STORED DATA
══════════

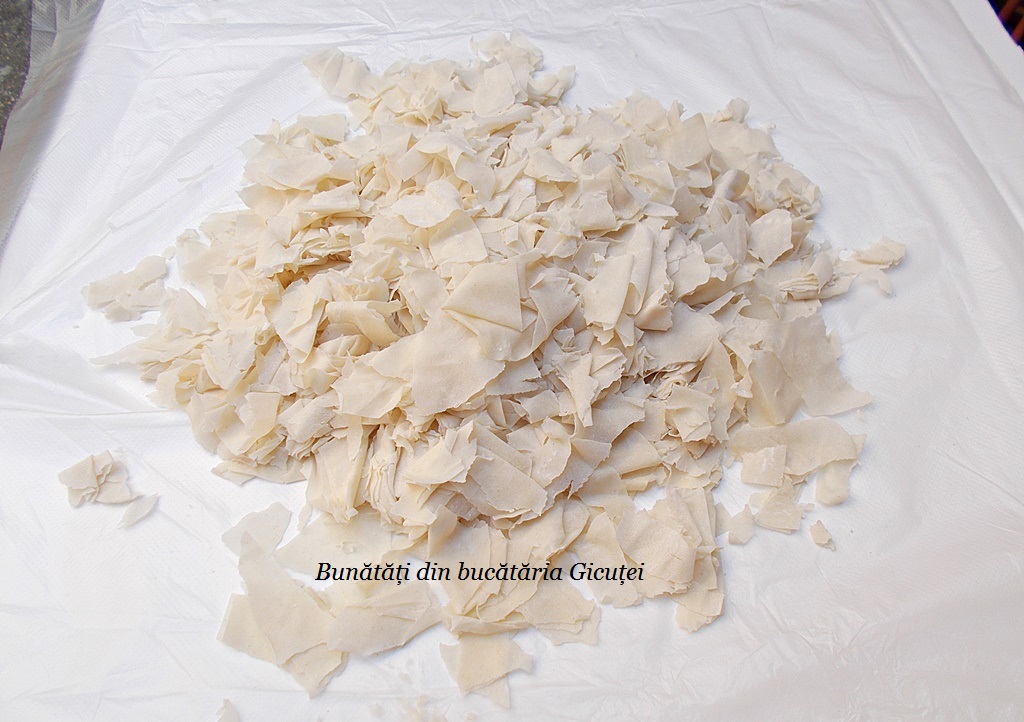 Rupem foile de placinta (pastram una pe care o vom asterne pe fundul tavii) in bucati potrivite.
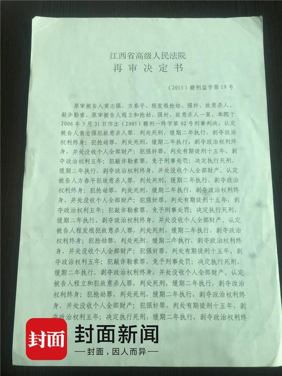 何為“具體情況”?判決書未加說明。記者注意到,在一審、重審判決書中,檢方指控黃志強和方春平時,稱兩人還涉及1999年9月8日晚的一起搶劫殺人輪奸案。不過終審判決中,省高院認定:在樂平一涼亭內,黃、方伙同程文財殺死鄒某某、輪奸熊某,證據(jù)不足,不予認定。
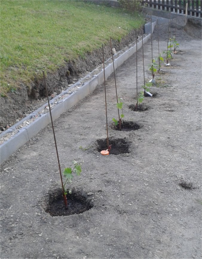 Ryzlink vlašský je v zemi. Hurá. Zbývá vyhloubit 5 děr a do nich zasadit Tramín. Bohužel se stala drobná nehoda a při manipulaci mi upadl výhon. Naštěstí tam je ještě jeden "záložní", ale ten má nyní necelý 1cm. Takže tato hlava bude asi trošku ve skluzu. Na fotce je to ten druhý u budoucího sloupku (oranžové víčko). No a...
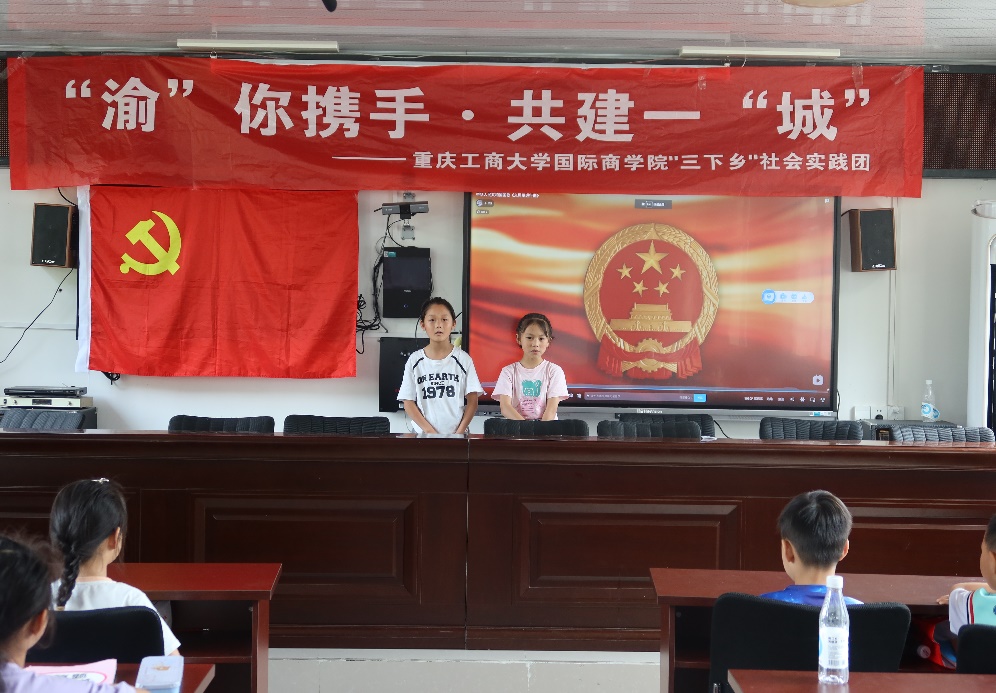 为弘扬民族精神,赓续红色血脉,培养学生的爱国主义情怀,增强民族自豪感和荣誉感,2023年7月10日,必赢242net官网暑期“三下乡”社会实践团在城口县咸宜村青少年之家向留守儿童们开展了一场别开生面的爱国主题教育活动。

══════════

AIM OF THE EXERCISE
Reproduce every line above word for word; no images.

RESULT FOR THIS TASK
 Rupem foile de placinta (pastram una pe care o vom asterne pe fundul tavii) in bucati potrivite.
 何為“具體情況”?判決書未加說明。記者注意到,在一審、重審判決書中,檢方指控黃志強和方春平時,稱兩人還涉及1999年9月8日晚的一起搶劫殺人輪奸案。不過終審判決中,省高院認定:在樂平一涼亭內,黃、方伙同程文財殺死鄒某某、輪奸熊某,證據(jù)不足,不予認定。
 Ryzlink vlašský je v zemi. Hurá. Zbývá vyhloubit 5 děr a do nich zasadit Tramín. Bohužel se stala drobná nehoda a při manipulaci mi upadl výhon. Naštěstí tam je ještě jeden "záložní", ale ten má nyní necelý 1cm. Takže tato hlava bude asi trošku ve skluzu. Na fotce je to ten druhý u budoucího sloupku (oranžové víčko). No a...
 为弘扬民族精神,赓续红色血脉,培养学生的爱国主义情怀,增强民族自豪感和荣誉感,2023年7月10日,必赢242net官网暑期“三下乡”社会实践团在城口县咸宜村青少年之家向留守儿童们开展了一场别开生面的爱国主题教育活动。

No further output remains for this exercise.